Before offering a final evaluation, here are a few quotes illustrative of what readers can expect from this book…
“Because I am a historian, I know there is more to Paul’s letters than his words reveal” (56).
“Inerrancy wasn’t important by itself in the late twentieth century; it became important because it provided a way to push women out of the pulpit. It worked extremely well” (191).
“Trinitarian teachings are central to orthodox Christianity; and complementarians—in their blind pursuit to maintain control over women—have exchanged the truth of God for a gender hierarchy of human origin” (194).
“Isn’t it time that white Christians realize that the roots of biblical womanhood extend from white supremacy?” (208).
Barr bookends her narrative with two negative experiences she lays at the feet of complementarianism. She recounts an abusive dating relationship. While all abuse is a tragic misuse of power, the recollection, in this case, is too vague to be evaluated in any way. Great detail is given about her husband being let go from a Southern Baptist Church over differences of opinion on women’s roles in the church. This was the traumatic experience that initiated the writing of this book. Perhaps the situation could have been handled with more grace, but at the end of the day, the church fired him because he changed from the clearly articulated, ubiquitous position of the leadership and pressed them on it.
In the final estimation, I do not believe Barr is really trying to convince anyone across the aisle of her position. Her language is loaded, condescending, and elitist.
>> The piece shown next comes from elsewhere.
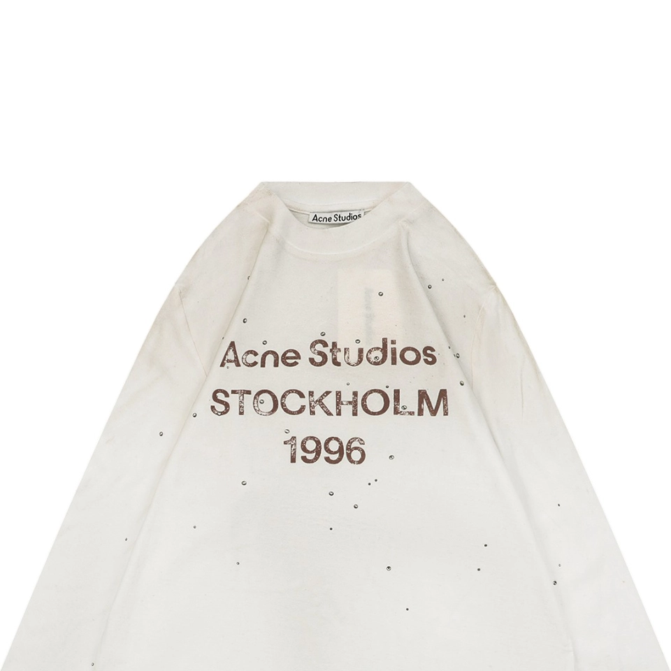 The Acne Studios 1996 Rhinestone Logo Shirt – White blends minimalist Scandinavian style with a vintage streetwear edge. Cut from soft cotton in a relaxed silhouette, it features a cracked “Acne Studios STOCKHOLM 1996” chest print with embedded rhinestone detailing. The distressed finish and scattered pinholes add texture and character, creating a worn-in, nostalgic vibe that elevates casual layering.

Her rhetoric is emotional. She impugns the motives of godly men and women. Her recounting of history confuses correlation with causation and assumes outlying examples were normative. She admits being badly burned and while her experience may warrant her anger, her evidence fails to substantiate her claims. Hell hath no fury…indeed.
Andrew S. Ballitch (PhD, Southern Baptist Theological Seminary) is a pastor at Westwood Alliance Church in Mansfield, Ohio.